A ideia do experimento foi testar a ação de um fungo contra o Plasmodium falciparum, parasita causador da malária. Estudos anteriores já haviam mostrado a eficiência da estratégia ao borrifar os mosquitos vetores da doença com o fungo patógeno Metarhizium anisopliae. Mas os resultados dos experimentos mostraram que a eficácia da técnica se restringia apenas aos insetos que haviam acabado de se contaminar com o parasito.

Agora, a equipe de Raymond St. Leger, da Universidade de Maryland (EUA), resolveu manter a arma, mas alterar o projétil. Os pesquisadores introduziram, no fungo, anticorpos humanos ou toxinas de escorpião, ambos com poder de combater o parasita.

Os resultados relatados na revista Science impressionam. Os autores dividiram os mosquitos Anopheles em três grupos. No primeiro, aplicaram o fungo modificado; no segundo, o fungo normal; no terceiro, nada. Nos primeiros, foram encontrados P. falciparum nas glândulas salivares de 25% dos mosquitos. Esse mesmo índice subiu para 87%, no segundo grupo, e 94%, no último.

Mas, no primeiro grupo, o número de parasitas nas glândulas salivares foi reduzido em cerca de 95%.

‘Anopheles albimanus’ fêmea
Mosquito ‘Anopheles albimanus’ fêmea, vetor da malária, se alimentando de um hospedeiro humano. A doença aflige 240 milhões de pessoas no mundo, mata 850 mil delas e está presente em 108 países, incluindo o Brasil. (foto: James Gathany/ CDC)

Estratégia ampla

O fungo M. anisopliae modificado produz, segundo os pesquisadores, moléculas que atacam o parasita em uma fase inicial de suas vidas – daí sua utilidade em reduzir a transmissão da malária em até cinco vezes, quando comparado com fungos não modificados geneticamente.

Considerada ‘doença de pobre’ pela indústria farmacêutica, a malária é – como se nota pelas cifras no primeiro parágrafo – um problema de saúde pública mundial. Os resultados de agora serão testados em campo, na África, continente assolado pela doença.

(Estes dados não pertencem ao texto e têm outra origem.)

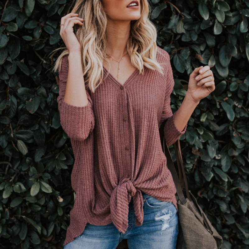 Áo len nữ Cà vạt Nút phía trước xuống dệt kim Jumper Áo sơ mi dài tay áo sơ mi dài tay Mô tả:

A estratégia valeria, segundo os autores, também para qualquer doença transmitida por artrópode, o que inclui nessa lista a dengue. A equipe já está criando fungos modificados para reduzir a transmissão de outras doenças, como a de Lyme (transmitida por carrapatos) e a doença do sono (por moscas tsé-tsé), bem como contra pestes (gafanhotos, por exemplo).



Cássio Leite Vieira
Ciência Hoje/ RJ

Texto originalmente publicado na CH 280 (abril de 2011).